Mathematical knowledge is abstract, general and logical. Only by connecting with students' life experience and actual background can students be guided to participate in learning through hands-on, oral examination and brain thinking. Only in this way can students truly understand and feel mathematical knowledge and establish a sense of numbers.

For example, when teaching the "Preliminary Understanding of Kilogram", I designed the operation activities:

(1) Weighing: Students weigh apples (1kg), salt (500g, 2 bags) and washing powder (250, 4 bags).

(2) Count: Students, how many bags of salt are there per kilogram? 1 kg How many bags of washing powder are there? 1 kg How many apples are there?

(3) Weighing: Students weigh their own 1kg items by hand, then exchange items in groups and close their eyes to realize the weight of 1kg.

(4) Find out: The teacher asked the students to take out three boxes with the same shape and different weights prepared before class, and asked the students not to use scales to find out the boxes with the weight of 1 kg by hand.

Through the following series of operation activities, students "touched" the knowledge of mathematics, experienced the actual weight of "1kg", gained personal experience, felt the close connection between mathematics and real life, and realized the weight of 1kg by feeling the equal weight of apples, so as to use this direct experience to measure the weight of other items and cultivate students' interest for the future.

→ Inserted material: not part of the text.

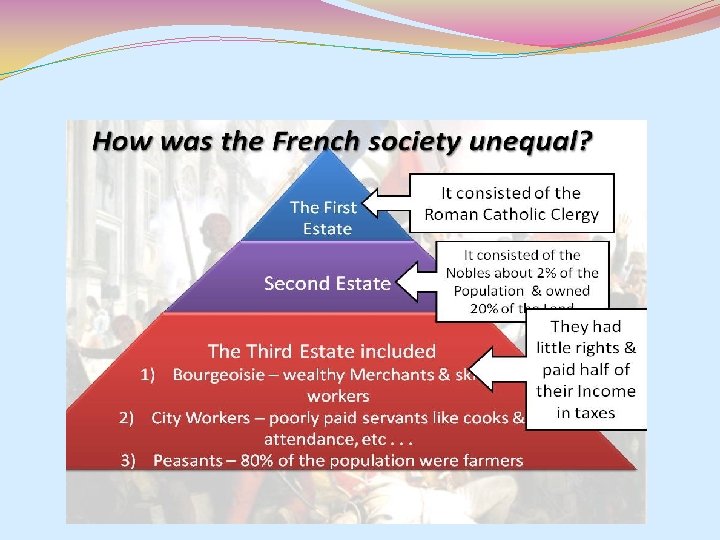 The French Society �The French society was divided into classes or estates. �There were two privileged classes – the clergy and the nobility �They were known as the First Estate and the Second Estate �Their lives were characterized by extravagance and luxury.

With the growth of students' age and rich knowledge and experience, students can be guided to find out the hidden relationships and laws in practical problems in the senior stage of primary school, and initially master some tools to effectively express, deal with and exchange quantitative relationships and changing laws, so as to further enhance students' sense of numbers. Combining the establishment of number sense with the understanding and application of quantity relationship, and combining the establishment of symbol sense with the establishment of preliminary mathematical model will play an important role in improving students' overall mathematical literacy.